К сожалению, сторонники доктрины «новых рубежей» сочли систему СНБ бюрократической и малоэффективной. Один из историков президента Кеннеди писал, что, по мнению президента, такая система препятствовала прямому использованию людей, прекрасно знающих дело, в высших политических сферах. В какой-то степени это верно. Комитет планирования СНБ собирался 2–3 раза в неделю на заседания, которые продолжались по нескольку часов; нескончаемым потоком лились бумажные реки; принять быстрое решение было невозможно; к тому же сами решения – лишь бы не было разногласий – сводились большей частью к наиболее общим оценкам. Однако, на мой взгляд, это был не столько недостаток системы, сколько недостаток руководства. Правительственные советы и управления могут и должны являться эффективным средством решения вопросов, если во главе их стоят способные и решительные руководители.
Первое, что сделал президент Кеннеди, – 19 февраля 1961 года отдал на слом механизм СНБ. Совет национальной безопасности, как орган, созданный на основании закона, не мог быть упразднен единоличным решением президента, но было достаточно того, что Кеннеди значительно сократил количество заседаний совета; ликвидировал созданный при нем специальный аппарат, почти полностью обновив работающий в СНБ персонал; упразднил Комитет координации операций и Комитет планирования. Хотя изменения требовались, но предпринятые президентом Кеннеди действия оказались чрезмерными.

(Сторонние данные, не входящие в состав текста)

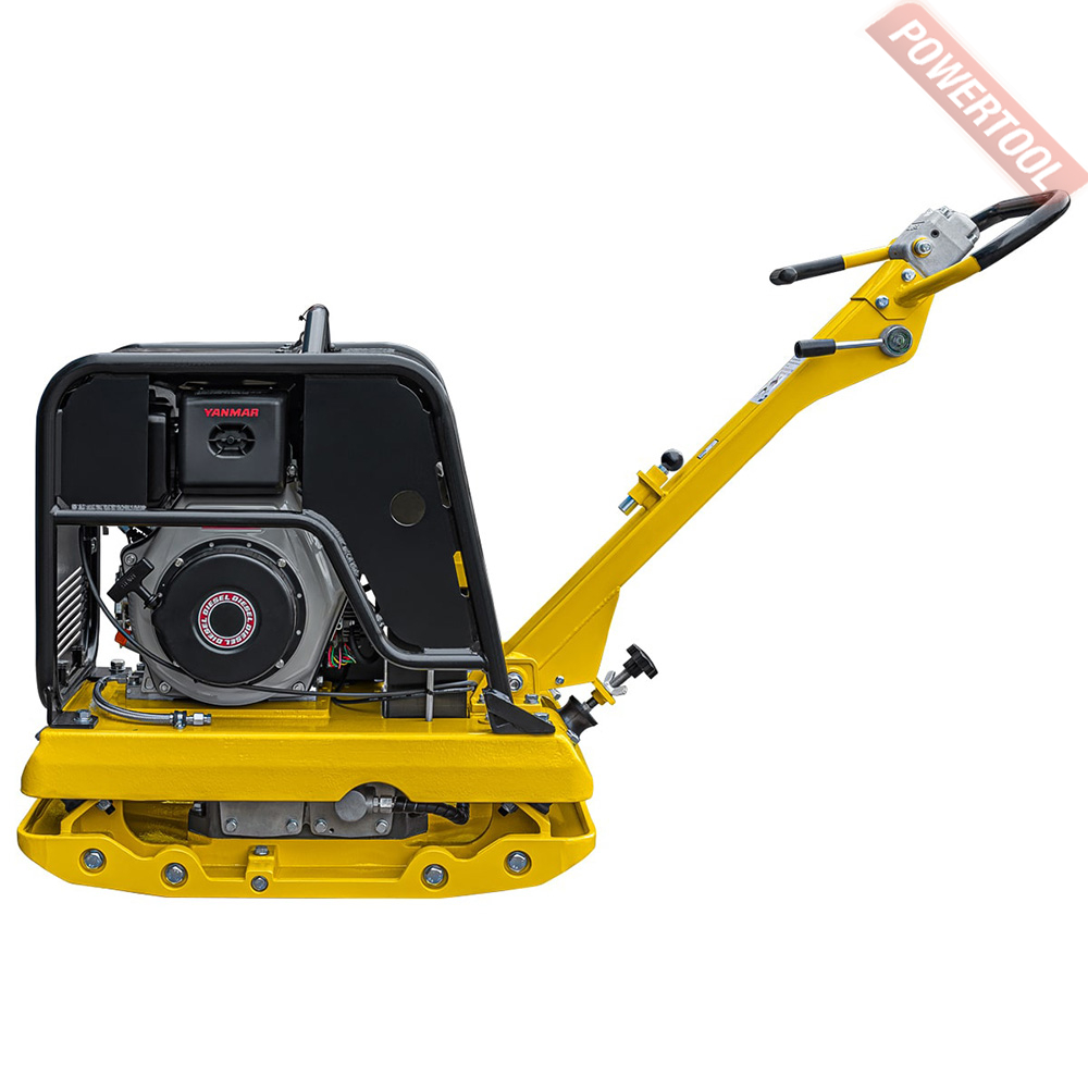 Виброплита реверсивная, вес 350 кг, плита 860х485 мм, усилие уплотнения 45 кН, гидравлический привод, 4-тактный дизельный двигатель Yanmar L100AE объемом 435 куб.см и мощностью 10 л.с., топливный бак 4,7 л, расход топлива 1,69 л/ч, объем картера 1,6 л, колесный комплект, электростарт, АКБ, размер 1570х485х930 мм.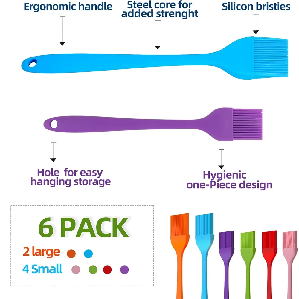 6 makeup brushes, 6 colors, 2 large sizes and 4 small sizes, multi-color combination to make your cooking more interesting. Suitable for grilling, kitchen, grilling, baking.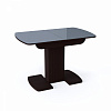 Недорогая функциональная и стильная модель. Каркас стола изготовлен из ЛДСП, цвет белый или венге. Столешница из МДФ с закаленным стеклом, матовым или глянцевым на выбор. Имеет полуовальную форму, размер 110 см с возможностью увеличения еще на 30 см. Опирается на одну ножку, переходящую в две плоские опоры на полу.
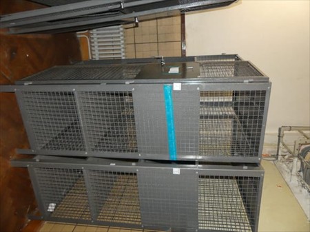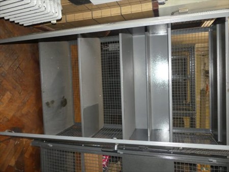 Armoires grillagées 2 portes Longueur : 122 cm Largeur : 62 cm Hauteur : 200 cm Quantité : +- 4 Non Inclus : Contenu Certaines Avec ou sans clé
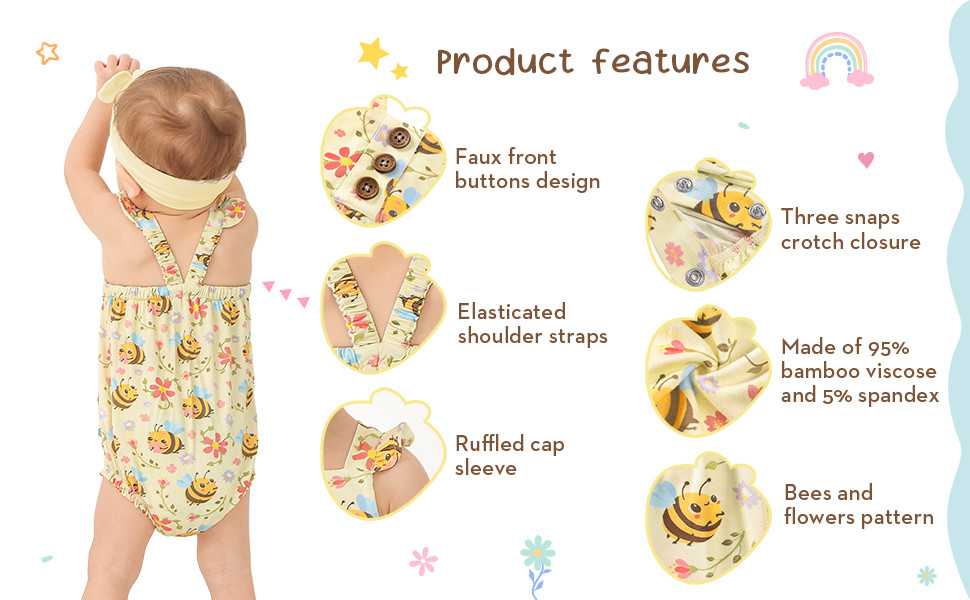 - Adorable and Stylish: The sweetly frilled cap sleeves, three decorative buttons on the front, and V-shaped elastic straps at the back create a stylish and adorable look. These exquisite details, along with the high-quality fabric, showcase the designer’s thoughtful craftsmanship and attention to detail.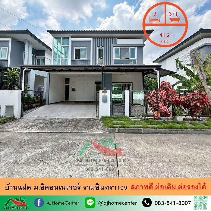 ขายบ้านแฝด41.2ตรว. ม.อิคอนเนเจอร์ รามอินทรา109 สภาพดีต่อเติมพร้อมอยู่ จัดกู้ฟรี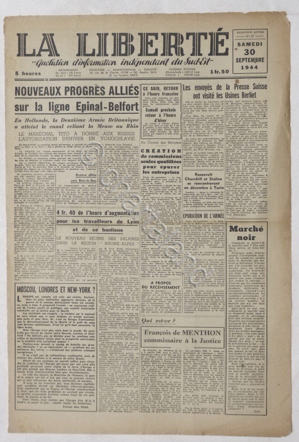WWII Giornale Francia - La Liberté, - N. 20 - 30 settembre 1944
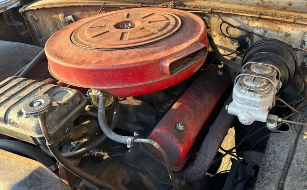 A Y-block is on duty under the hood, in this case, in the form of a 185 gross HP, 292 CI V8 engine coupled up to a Cruise-O-Matic automatic transmission. The mileage recording is 128K miles, and the seller states, “IT RUNS AND DRIVES WITH A NEW GAS-TANK, WHEELS AND TIRES, AND STOPS WITH POWER BRAKES.” Note the dual circuit master cylinder, a recent swap perhaps?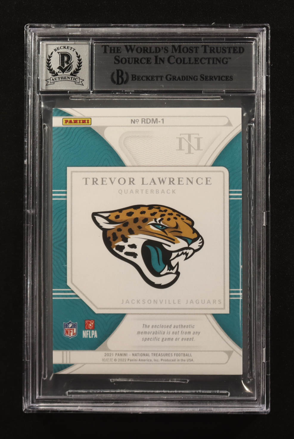 Trevor Lawrence Signed 2021 Panini National Treasures Rookie Dual Materials Purple #RDM-1 RC #22/49 (BGS | Autograph Graded BGS 10)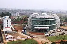 South Tangerang is a collection of several towns, planned communities and Jakarta suburbs, and therefore there is not one clear city centre or transportation hub. The main road into the city is the Jakarta-Serpong toll road, which connects the Jakarta Outer Ring Road in South Jakarta to among others the Bintaro Jaya new town and BSD City. The Jakarta-Tangerang toll road passes just north of South Tangerang, and is a good way to get to the North Serpong district. To get to the southern part of the city, a trunk road leads from the Jakarta Outer Ring Road at Lebak Bulus to the districts of Ciputat and Pamulang (this road is numbered as National Road 12, but there are no signposts indicating this). The Jakarta Outer Ring Road 2 connects the Soekarno-Hatta International Airport passes through Tangerang and crosses the Jakarta-Tangerang toll road before intersecting the Jakarta-Serpong toll road and ending at Pamulang. It is being extended to connect with a segment of the Jakarta Outer Ring Road 2 in Depok.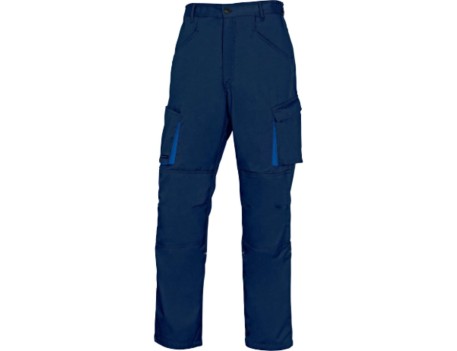 Pantalón DELTA PLUS MACH2 azul marino, tejido 245g/m², bolsillos funcionales, cierre cremallera y rodilleras integradas. Ideal para agricultura, reformas y transporte. Alta durabilidad y confort prolongado.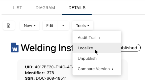 For example, a manufacturing process may vary from country to country due to differences in customer preferences, legal requirements, or other factors. With localization, users can create local copies of objects making slight adjustments without the need to completely recreate them.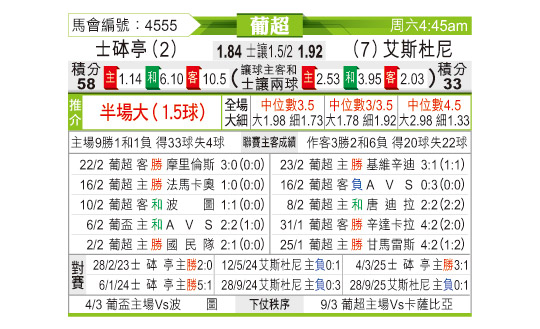 [葡超] 葡萄牙体育vs埃斯托里尔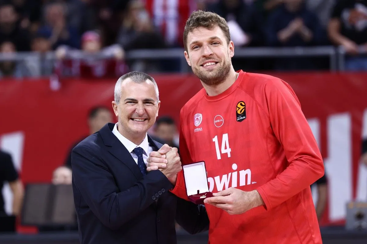 Ολυμπιακός: Η βράβευση του Σάσα Βεζένκοβ από τον Υπουργό Αθλητισμού της Βουλγαρίας πριν το τζάμπολ του ματς

Президент Кеннеди с А.Даллесом
За отказ от системы СНБ президенту Кеннеди пришлось расплачиваться провалом операции в заливе Кочинос. Он позволил сторонникам ликвидации СНБ подчинить не только себя, но и своих главных советников. Это обстоятельство, а также неоправданные расчеты на то, что операция в заливе Кочинос позволит быстро и без особых затрат решить проблему Кастро и Кубы, привели к катастрофе. Если бы президент потребовал, чтобы обсуждение операции было проведено в рамках системы СНБ с соответствующей подготовительной работой и изучением вопросов, было бы гораздо больше шансов, что ему дадут несравненно более реалистическую оценку перспектив на успех.
Важно отметить, что уже к кубинскому кризису, связанному с обнаружением на Кубе ракет в октябре 1962 года, Кеннеди восстановил систему СНБ, которая сослужила ему хорошую службу. Взаимосвязь разведки и политики во время этого кризиса была эффективной как никогда прежде. Ключевую роль в ходе кризиса, когда от своевременных и точных разведывательных оценок зависел самый важный факт – сохранится мир или начнется война, – играл директор центральной разведки.
Во время этого кризиса президент Кеннеди создал орган, получивший название исполкома Совета национальной безопасности, который стал при нем главным совещательным органом. Он оценивал все сведения, касающиеся установки Советским Союзом наступательного оружия на Кубе, анализировал возможные для США направления действий и определял, какой может быть реакция Советского Союза на те или иные предложения Соединенных Штатов.
К моменту создания президентом исполкома СНБ разведывательная система США действовала так, как будто уже велись военные действия: велось круглосуточное наблюдение за Кубой и всем, что связано с ней; тщательно изучались действия Советского Союза во всем мире с целью предвосхитить любую возможную отвлекающую акцию; все поступающие новые сведения, имеющие хоть какое-то значение, немедленно, после предварительной обработки, анализа и оценки в разведывательной системе, направлялись в высшие правительственные круги.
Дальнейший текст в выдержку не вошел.